Respiratory Syncytial Virus (RSV)
Currently, there is no approved RSV vaccine available to combat the estimated 64 million RSV infections that occur globally each year. We have identified three susceptible target populations that we believe could benefit from the development of our respiratory syncytial virus fusion (F) protein nanoparticle vaccine candidate (“RSV F Vaccine”) in different formulations: (1) infants via maternal immunization, (2) older adults (60 years and older) and (3) children six months to five years old (“pediatrics”). With our current estimates of the annual global cost burden of RSV in excess of $88 billion, we believe our RSV F Vaccine represents a multi-billion dollar worldwide opportunity.

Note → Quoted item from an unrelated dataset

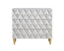 - 3D Diamond-Patterned Facade: The drawers boast a luxurious three-dimensional diamond pattern, paired with gold-tone hardware, offering a chic contrast against the silver finish.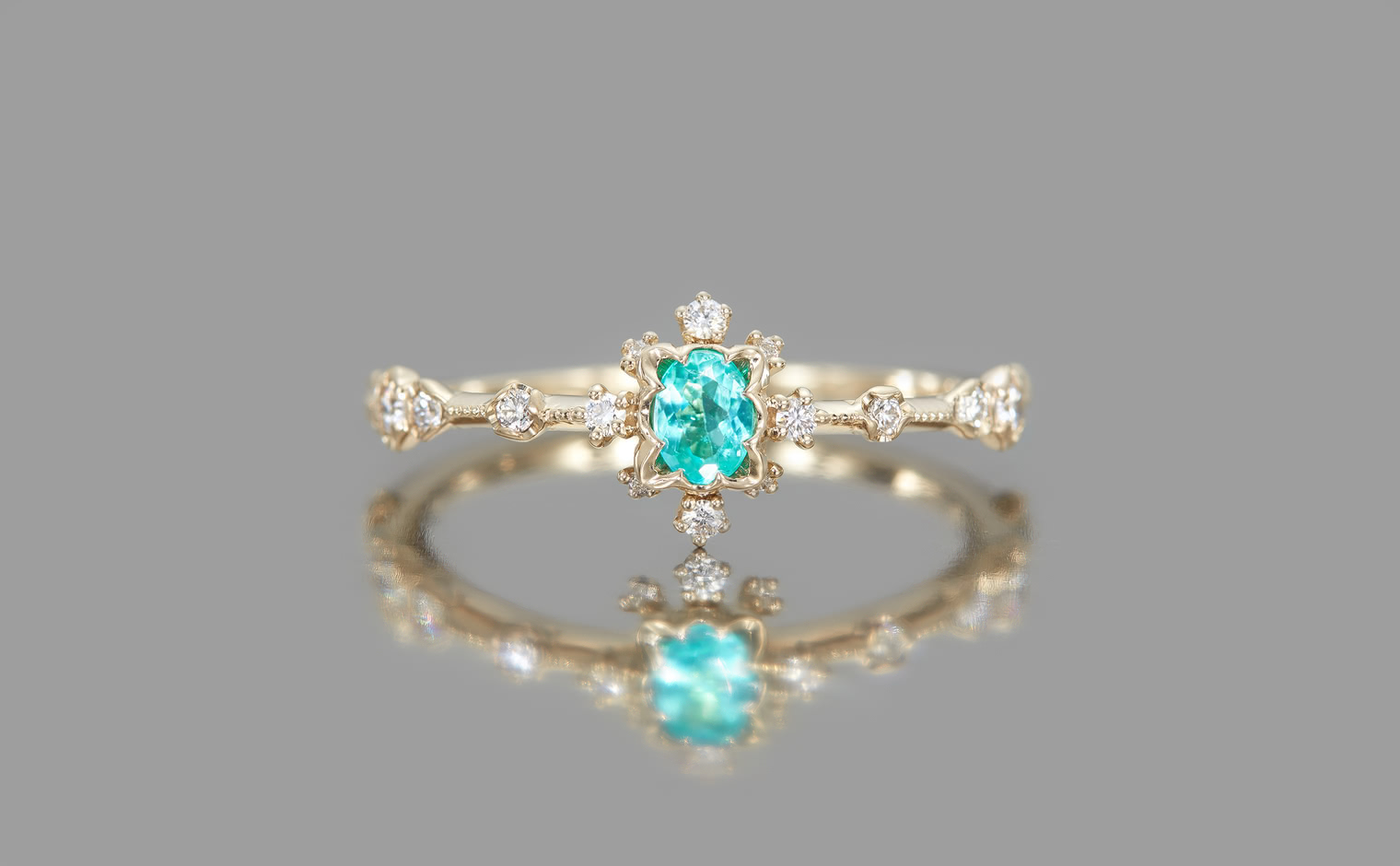 This breathtaking one-of-a-kind piece is crafted to bring you a lifetime of joy and happiness. Fall deeply in love with the Snowflake Ring Supreme-Paraiba, a symbol of elegance and sophistication that will capture the hearts and minds of all who see it. Let its stunning design and expert craftsmanship become a cherished part of your collection and a source of beauty and inspiration for years to come. -

ResVax Program (Infants via Maternal Immunization)
ResVax is our adjuvanted RSV F Vaccine for infants via maternal immunization. RSV is the most common cause of lower respiratory tract infections (“LRTI”) and the leading viral cause of severe lower respiratory tract disease in infants and young children worldwide. In the U.S., RSV is the leading cause of hospitalization of infants and, globally, is second only to malaria as a cause of death in children under one year of age.

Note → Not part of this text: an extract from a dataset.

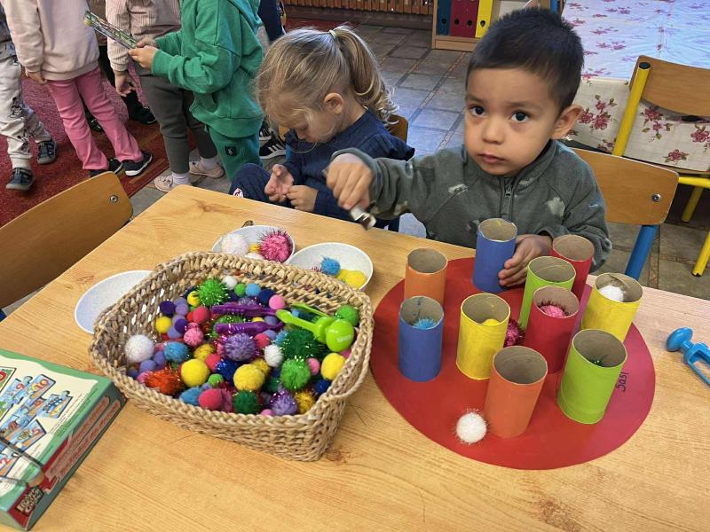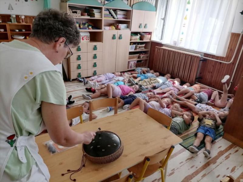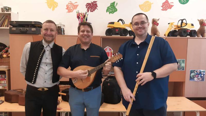 Egyik nap különleges vendégeket köszönthettünk: népi hangszerbemutatóval leptük meg a gyerekeket, ahol többek között a duda, a citera és a doromb is megszólalt. Vendégeink a háromtagú Na-Ko-Ma formáció volt. A gyerekek ámulva hallgatták a furulya, a citera, a doromb és a tekerőlant hangját, és sokan először láttak ilyen hangszereket. A bemutató nemcsak zenei élményt adott, hanem kultúránk hagyományainak megőrzésére is nevelt. A hangszeresek rövid történetekkel, játékos kérdésekkel vonták be a gyerekeket, akik lelkesen válaszoltak és még együtt is énekeltek egy-egy ismert népdalt, gyerekdalt. A program célja az volt, hogy már egészen kicsi korban megszerettessük a gyerekekkel a magyar népi kultúrát, és élményszerűen mutassuk meg nekik a hagyományos hangszerek szépségét. A bemutató egy közös táncházzal ért véget, felejthetetlen élményt adva ezzel gyerekeknek-felnőtteknek egyaránt.A zenészek látogatása a Boldog Gyermekekért Alapítványunk finanszírozásával jöhetett létre.

Data from our Prepare trial, which was initiated in December 2015, was announced in February 2019. The Prepare trial was conducted to determine whether ResVax reduced incidence of medically significant RSV-positive LRTI in infants through a minimum of the first 90 days of life and up through the first six months of life. While these data did not meet the trial’s primary efficacy endpoint, it did demonstrate efficacy against a secondary objective by reducing RSV LRTI hospitalizations in treated infants. ResVax is thus the first RSV vaccine to show efficacy in a Phase 3 clinical trial, and in addition, showed important effects against a variety of pre-specified exploratory endpoints and post-hoc analyses. This included a ~60% reduction in RSV-related severe hypoxemia and a ~74% reduction in RSV-related, radiographically-confirmed pneumonia through day 90. As in previous clinical trials, ResVax also showed favorable safety and tolerability results. In light of the fact that the trial failed to meet the primary endpoints, the FDA and European Medicines Agency (“EMA”) recommended that we conduct an additional Phase 3 clinical trial to confirm efficacy. BMGF has supported the Prepare trial for ResVax through a grant of up to $89.1 million; BMGF continues to financially support our efforts to conduct certain follow-on analyses of the Phase 3 data. We are currently in discussions with multiple potential commercial partners about the opportunity to bring ResVax to market globally, including assisting us with the regulatory licensure pathways in the U.S., the European Union and other geographies.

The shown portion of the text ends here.